Here we lost internet for 3 days.... the floods ripped the Fiber optics cable to shreds but it's fixed now. 

powered on 16 times? must be new hey?


----------



## stevednmc (May 7, 2011)

heres mine!






[/IMG]


----------



## fullinfusion (May 7, 2011)

stevednmc said:


> heres mine!


Ahh let it run for an hour in the back ground and check again lol...

Ocz, crucial and Intel, that all we got tonight?


----------



## stevednmc (May 7, 2011)

I have OCZ Vertex 3 Max iops but it hasnt been installed in anything yet....just got it this week, does that count? Guaranteed to have excellent life left!


----------



## cadaveca (May 7, 2011)

Well, I use my SSD ALOT. I also reboot many many times each day, with benchmarking, review testing, etc.


----------



## kenkickr (May 7, 2011)

fullinfusion said:


> lol, Kenkicker... glad you finally have interweb lol
> 
> Here we lost internet for 3 days.... the floods ripped the Fiber optics cable to shreds but it's fixed now.
> 
> powered on 16 times? must be new hey?



It's beyond awesome to have internet again and yes it is a 1 wk old SSD.  I need to do the firmware update for it and see if anything changes but I'll wait til I get the SATAIII controller card in.


----------



## fullinfusion (May 7, 2011)

stevednmc said:


> I have OCZ Vertex 3 Max iops but it hasnt been installed in anything yet....just got it this week, does that count? Guaranteed to have excellent life left!


Vertex 3! Nice!!!!  What read and write you getting?



cadaveca said:


> Well, I use my SSD ALOT. I also reboot many many times each day, with benchmarking, review testing, etc.
> 
> http://www.techpowerup.com/forums/attachment.php?attachmentid=42048&stc=1&d=1304743913


your the re-boot whore lol!!!!! Nice... I love the on - off cycles and yet it keeps the life expectancy!


----------



## cadaveca (May 7, 2011)

fullinfusion said:


> your the re-boot whore lol!!!!! Nice... I love the on - off cycles and yet it keeps the life expectancy!



With it being just 60GB, I can back up the entire drive to a USB3 external in short order, no problem, so actual lifespan is not a big deal to me, per se.
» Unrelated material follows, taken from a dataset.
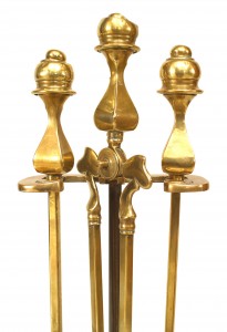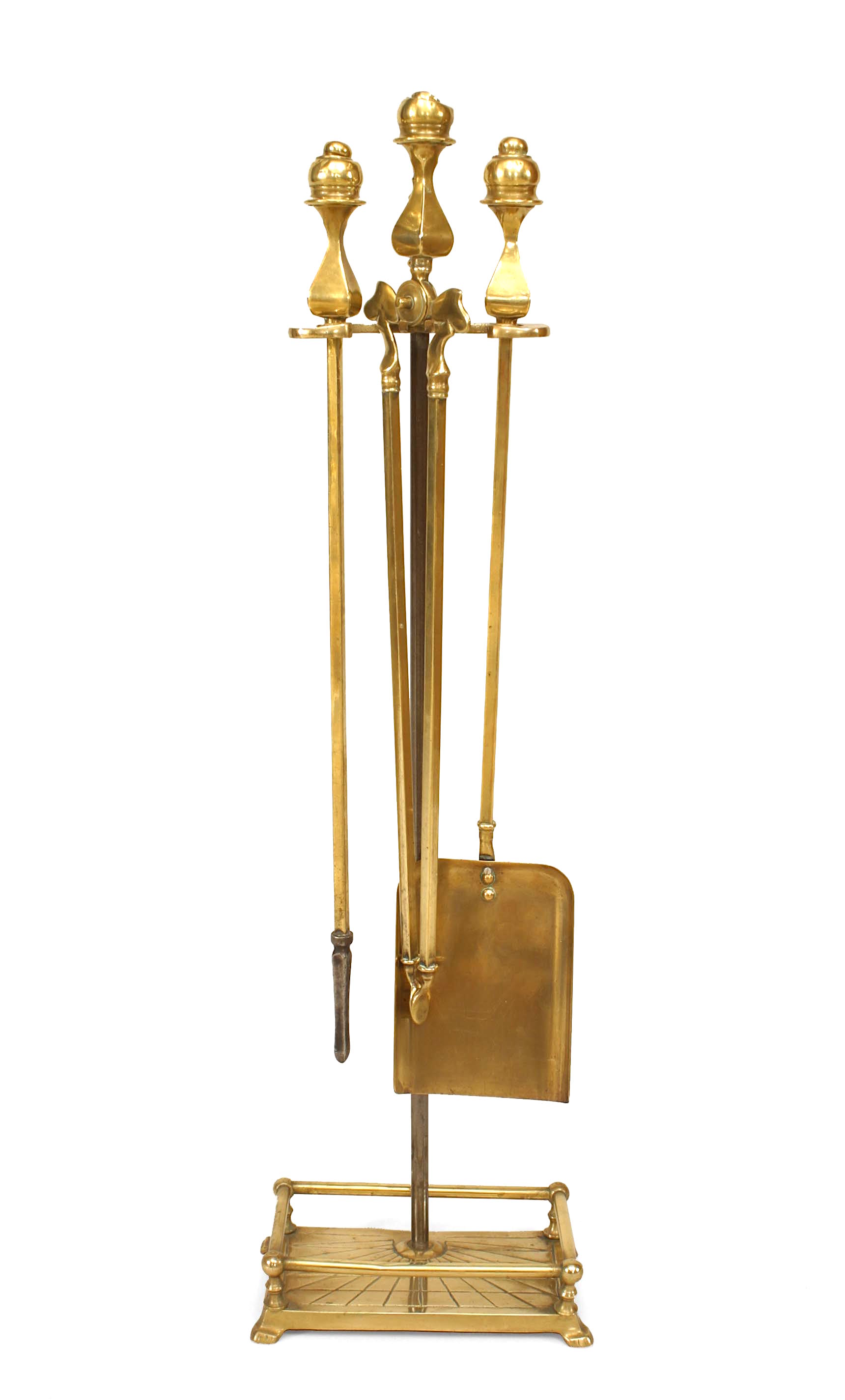 Set of 3 Georgian-style brass fire tools with bell shaped top finials resting in a later stand

This is one product I have purchased extra instant replacement warranty, so if it dies, I merely need to take a trip on the bus to get a new one, so I'm gonna treat it just like any other drive, and use the bejesus out of it.

I don't do any distributed computing projects any more, due to local power costs, and with boot times being as fast as they are on an SSD, I power down whenever I don't need to immediately use this pc.
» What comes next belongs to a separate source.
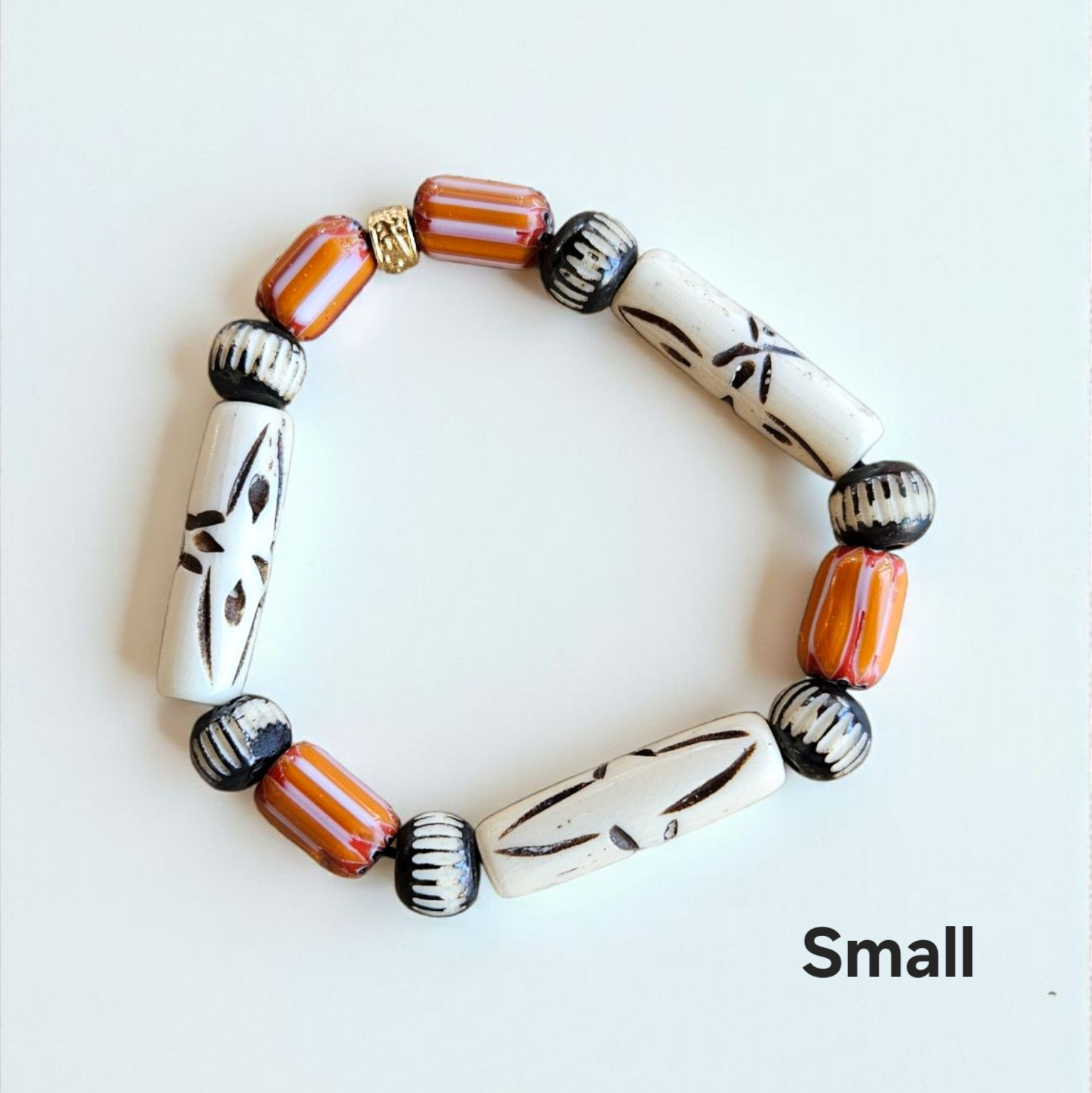- Malzeme : El yapımı reçine ve kemik boncuklar. Turuncu chevron cam boncuklar. Lastik bileziktir.

And no problems to report, as of yet. Still benches like the day I got it, too, unlike some other drives out there I've seen. 

I'm pretty happy with it, but still leary of potential failure. Took me a long time to even start really using it.


----------



## stevednmc (May 7, 2011)

Not yet installed. Hopefully soon though, i have all the pieces to get this damn pc built finally.Its the max IOPS version too, says its75,000 rather than the std 60,000. I fear since i have a first gen marvell sata3 controller i wont get the 500 read/write that it advertises, but id be happy with around 400 or so on both sides..we'll see hopefully next week. Working two jobs atm.


----------



## erocker (May 7, 2011)

Meh, doesn't work in my Raid array.


----------



## AsRock (May 7, 2011)

erocker said:


> Meh, doesn't work in my Raid array.



Just what i was going to post lol.


----------



## Lionheart (May 7, 2011)

My SSD health is at 48%


----------



## pantherx12 (May 7, 2011)

Damn, why is mine at 60?

Posted the smart report as well so people can let me know if it's just due to one factor.


----------



## Fatal (May 7, 2011)

Nice program!


----------



## Black Panther (May 7, 2011)

pantherx12 said:


> Damn, why is mine at 60?
> 
> Posted the smart report as well so people can let me know if it's just due to one factor.
> 
> http://img.photobucket.com/albums/v311/mopatop/adaamn.jpg?t=1304752477



No idea.
Mine isn't at 100% either. I thought my result was strange till I saw yours...


----------



## KieX (May 7, 2011)

Almost 6TB worth of writes and 11K hours of worktime!


----------



## Gab (May 7, 2011)

Hi all ... here's mine:


----------



## powerspec (May 7, 2011)

Just bought this about a month ago.  Just has Windows and WoW installed on it.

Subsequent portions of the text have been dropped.